_ABOUT THIS EXERCISE:_
The line containing "sněhu 09.12.2013 |" marks the end: copy exactly every line from the start of the records below up to and including it, leaving out pictures.

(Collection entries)
--- START ---

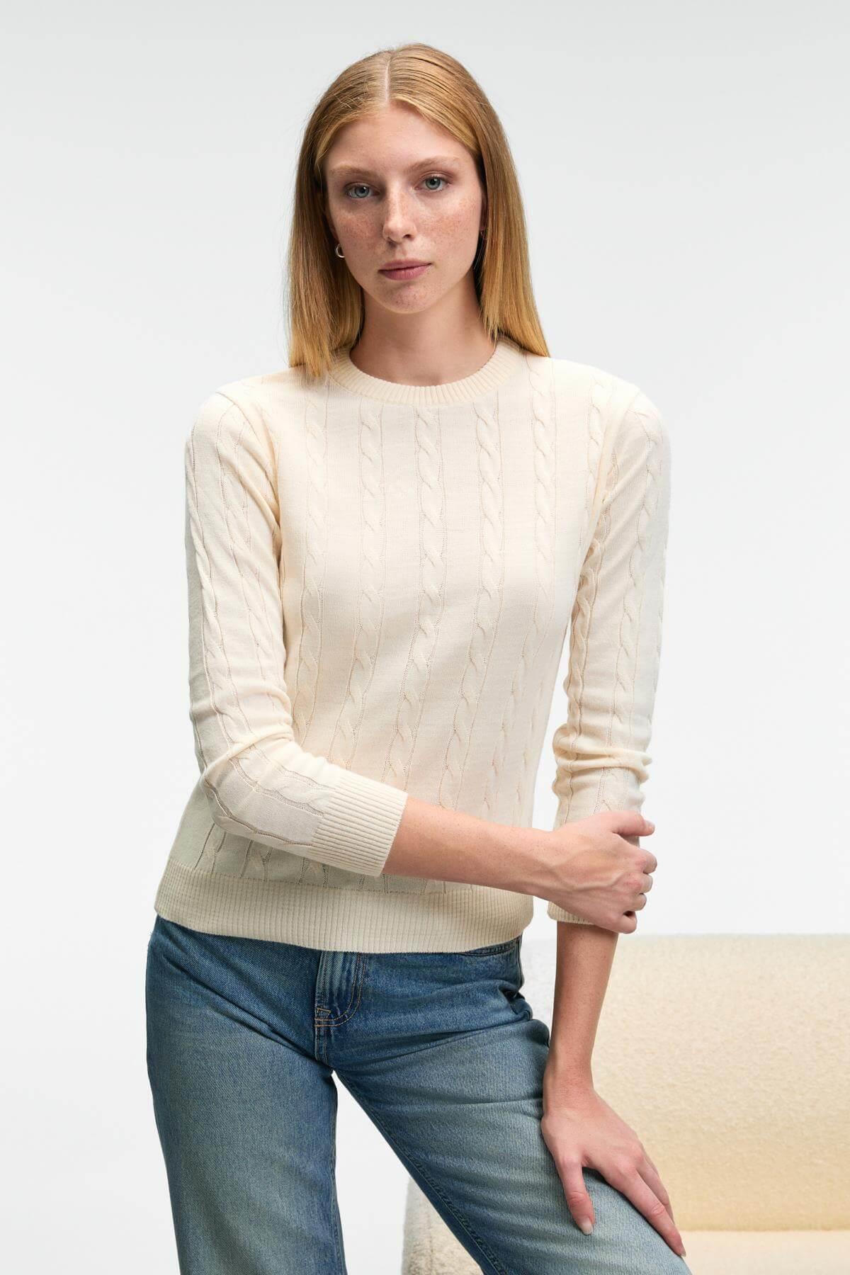 QUERIDA Kadın Yuvarlak Yaka Saç Örgülü Regular Fit Triko Ekru Kazak
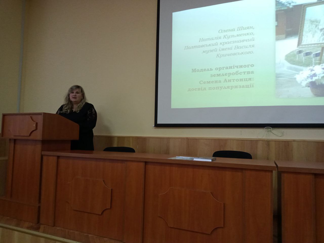 Повідомлення наших дослідниць було присвячене досвіду популяризації моделі органічного землеробства Семена Антонця музейними засобами, зокрема виставці "Совість землі", що стала однією з ключових музейних подій 2025 року.
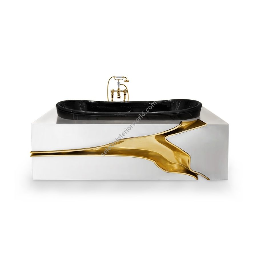 Black lacquered high gloss fiberglass with a sheet of stainless steel; Tub: High gloss black lacquered casted iron; Tear: Gold painted tears with high gloss varnish; Drainage: Floor
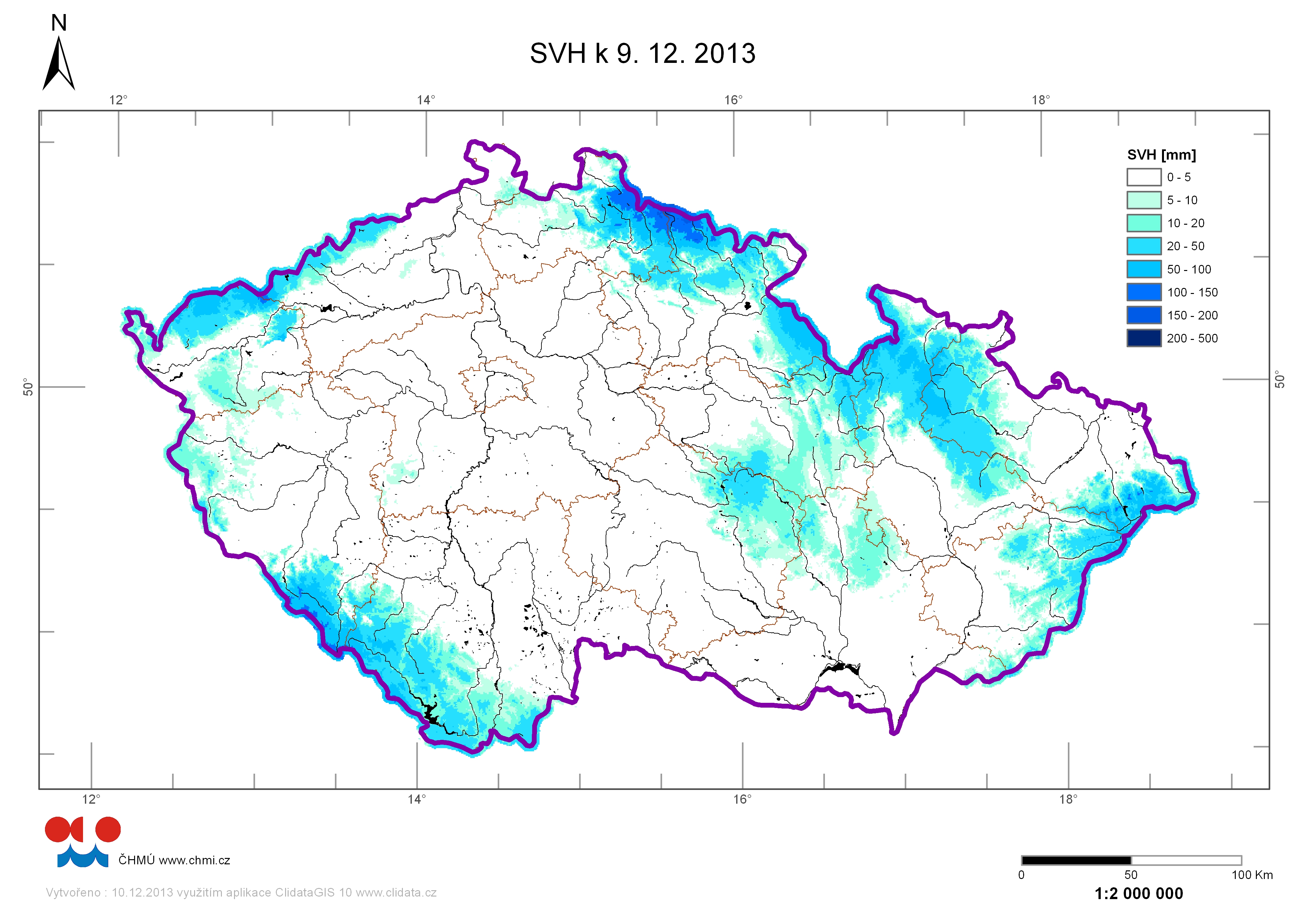 | Zásoby vody ve sněhu 09.12.2013 |
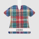 Motif en tissu plaid en rouge vert bleu blanc avec le prix SWEATER CHRISTMAS personnalisé en noir, personnalisé ANNÉE en noir sur le dos. Idéal pour TOUT concours de fête de vacances. Coloré, Jouant, Amusant. Mélanger et faire correspondre toute la collection d'ornement de Noël par TMCdesigns.
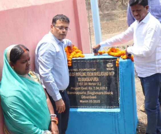 पाइपलाइन परियोजना का उद्घाटन मयंक शेखर, चीफ, सिजुआ ग्रुप, झरिया डिवीजनटाटा स्टील फाउंडेशन ने वाटर पाइपलाइन परियोजना का उद्घाटन किया
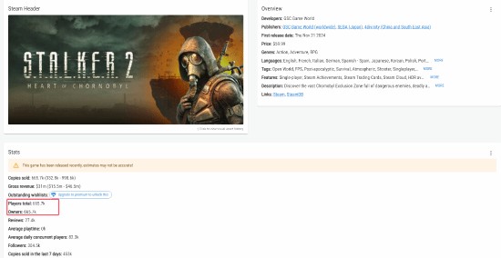 根据数据统计网站Gamalytic的数据显示,截止至发稿时,《潜行者2》仅发售两天销售总额就超越了已发售近一个月的《龙腾世纪4》。
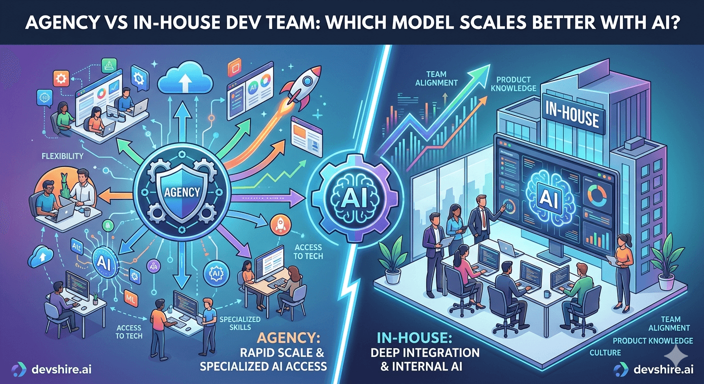 When AI is in the picture, agencies win on speed and cost for defined project work, while in-house teams win on long-term product ownership and institutional knowledge. The break-even point has shifted: in-house becomes cost-effective at around 18+ months of sustained dev work, up from the traditional 9–12 month estimate. For most early-stage teams, starting with an AI-powered agency and converting to in-house after product-market fit is the smarter sequence.
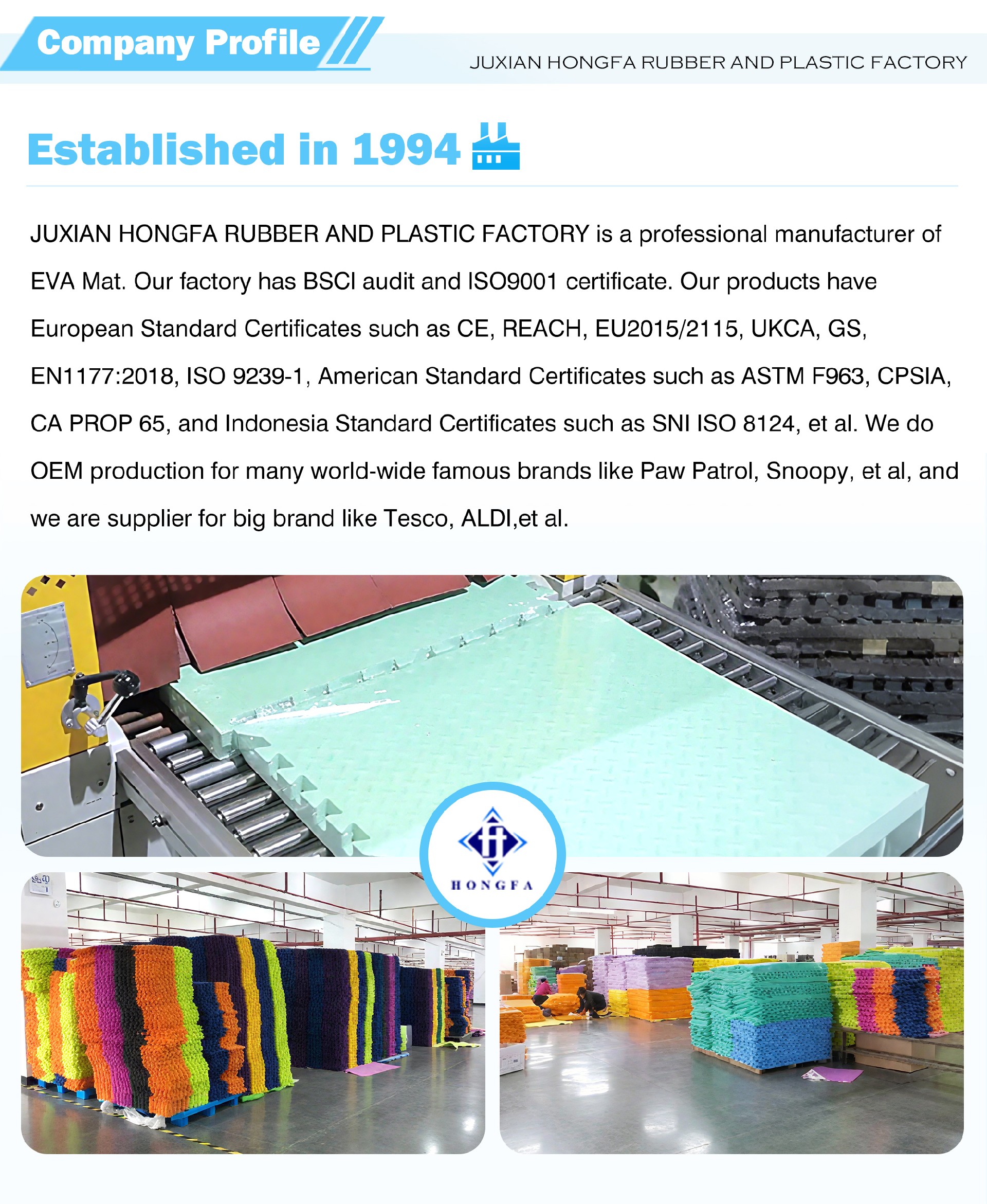 Our factory has BSCI audit and ISO9001 certificate from UKAS.Our products have certificates such as CE,REACH,UKCA,TUV GS,EU 2015/2115,ROHS,Impact Attenuation Test,Fire Proof Certificate,ASTMF963,CPSIA,CAPROP 65,er al.

--- END ---

_EXERCISE ANSWER:_
 QUERIDA Kadın Yuvarlak Yaka Saç Örgülü Regular Fit Triko Ekru Kazak
 Повідомлення наших дослідниць було присвячене досвіду популяризації моделі органічного землеробства Семена Антонця музейними засобами, зокрема виставці "Совість землі", що стала однією з ключових музейних подій 2025 року.
 Black lacquered high gloss fiberglass with a sheet of stainless steel; Tub: High gloss black lacquered casted iron; Tear: Gold painted tears with high gloss varnish; Drainage: Floor
 | Zásoby vody ve sněhu 09.12.2013 |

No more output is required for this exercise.